For example, strings are assigned by value:

>>> str1 = "hello"
>>> str2 = str1
>>> print(str1, str2)
hello hello
>>> str2 = "goodbye"
>>> print(str1, str2)
hello goodbye

This is the behavior I expect. However, it works differently with dictionaries:

>>> dict1 = {'key1':'val1', 'key2':'val2'}
>>> dict2 = dict1
>>> print(dict1, dict2)
{'key2': 'val2', 'key1': 'val1'} {'key2': 'val2', 'key1': 'val1'}
>>> dict2['key1'] = 'newval'
>>> print(dict1, dict2)
{'key2': 'val2', 'key1': 'newval'} {'key2': 'val2', 'key1': 'newval'}

Notice that both dict1 and dict2 were changed.
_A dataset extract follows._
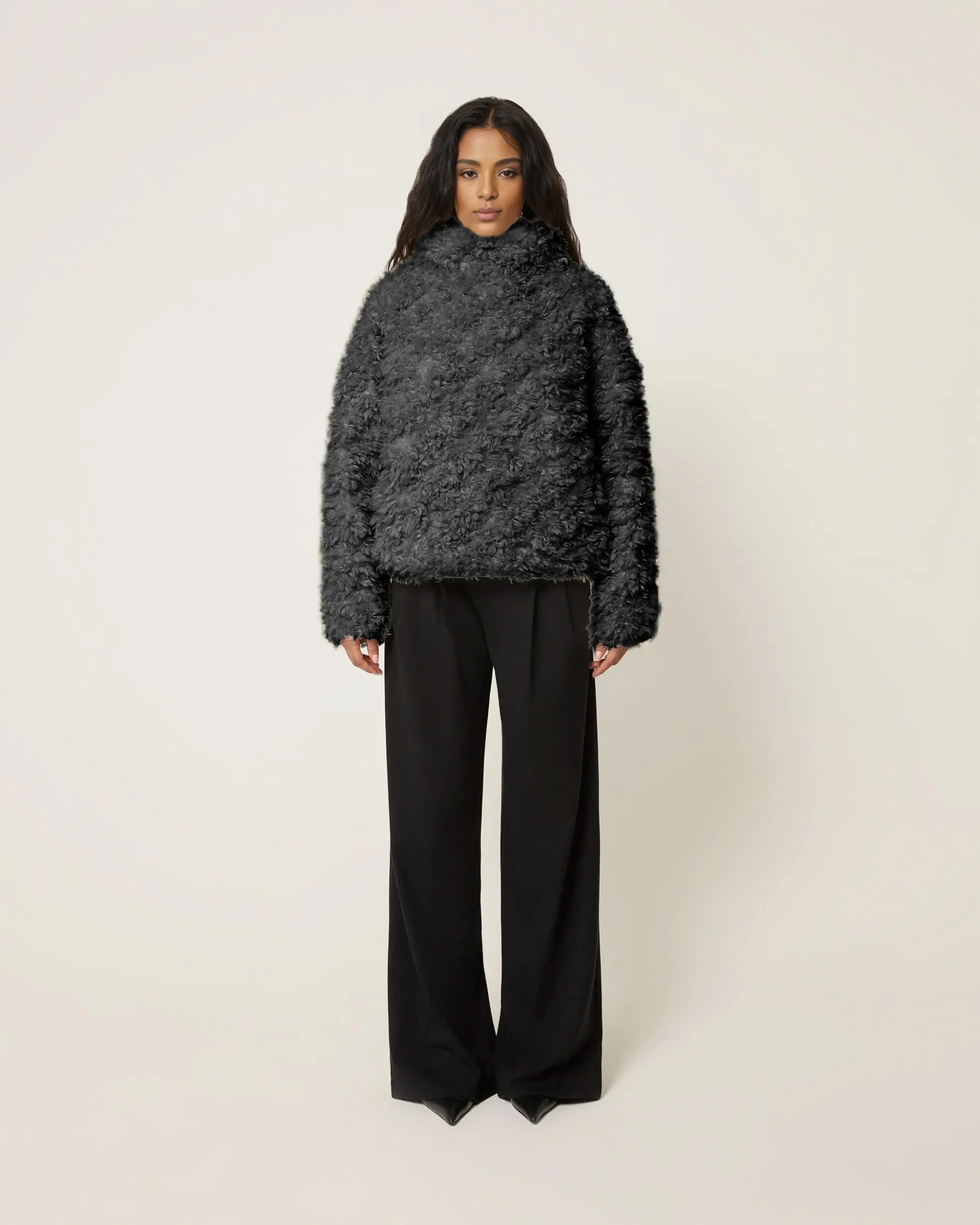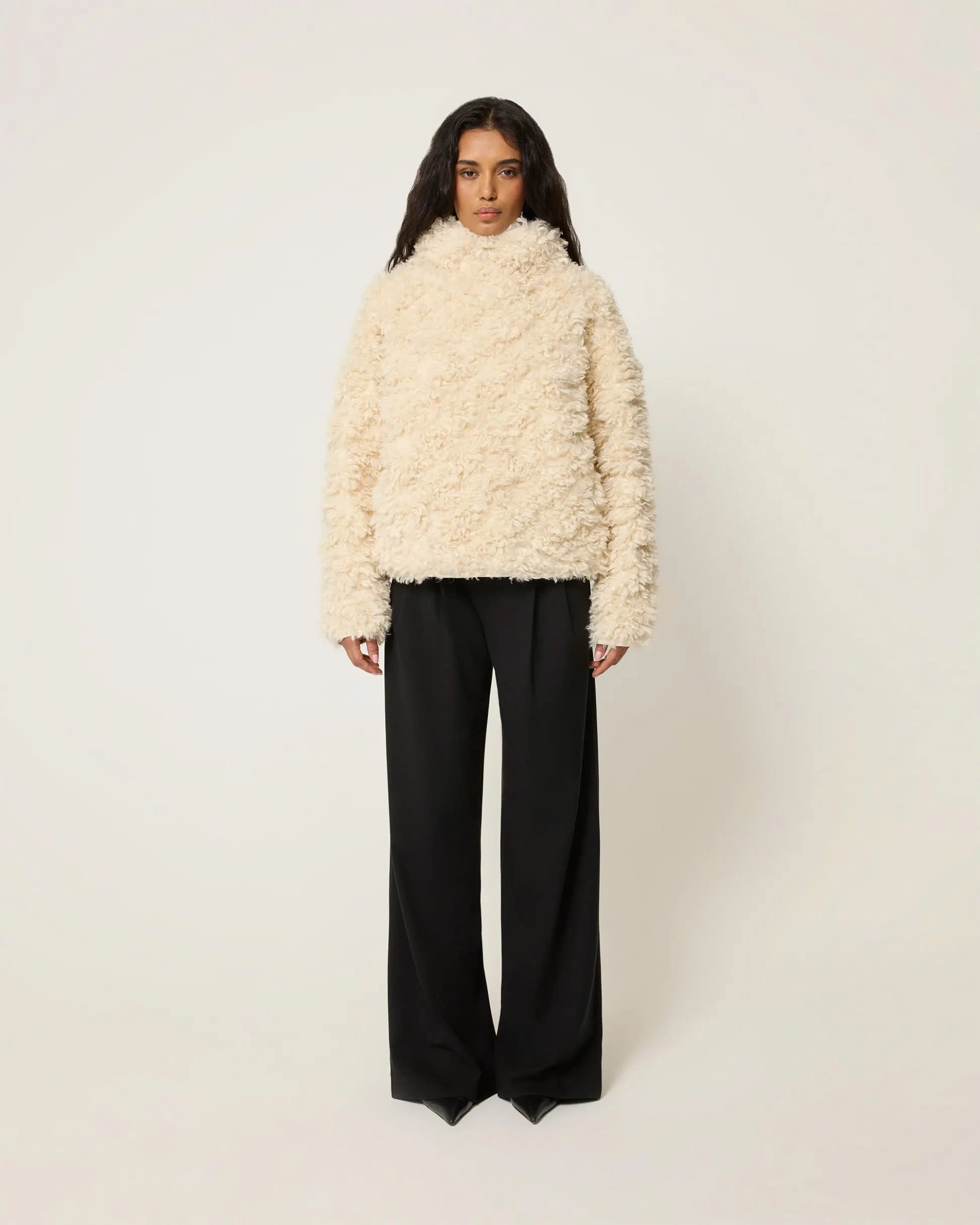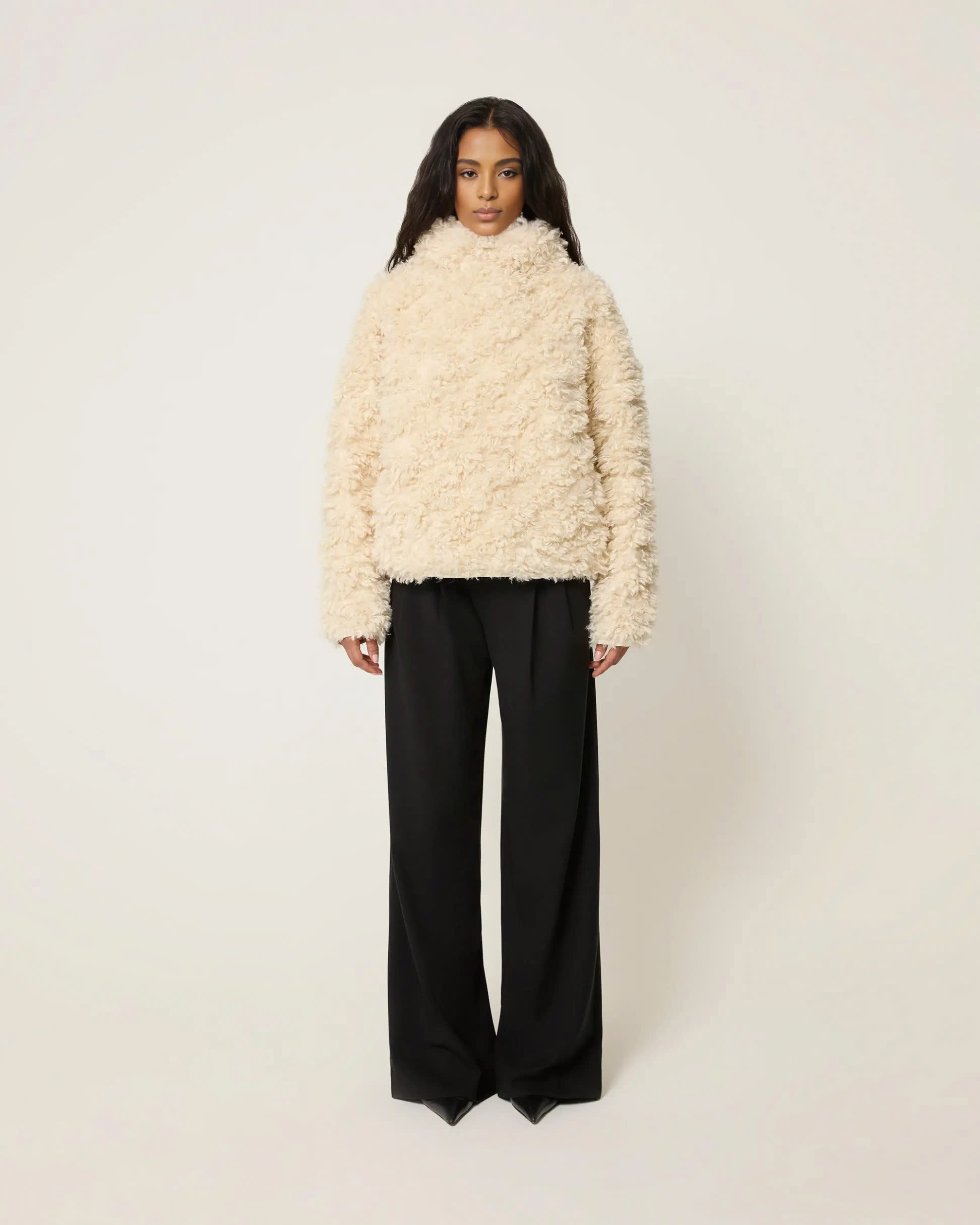Our pullover is carefully crafted with high-quality faux lambswool material, each fleece is delicate and soft, as if it were a cloud brushing against your skin.

Similarly, if I add a key/value pair to either of the dictionaries it will appear in both. Argh!

(sorry, that was my C-background speaking) :)

How am I to know which behavior to expect for any given variable type? Is there a method to this madness or will I simply need to remember arbitrary rules?

P.S. I realize I can get my expected behavior by using dict2 = dict(dict1).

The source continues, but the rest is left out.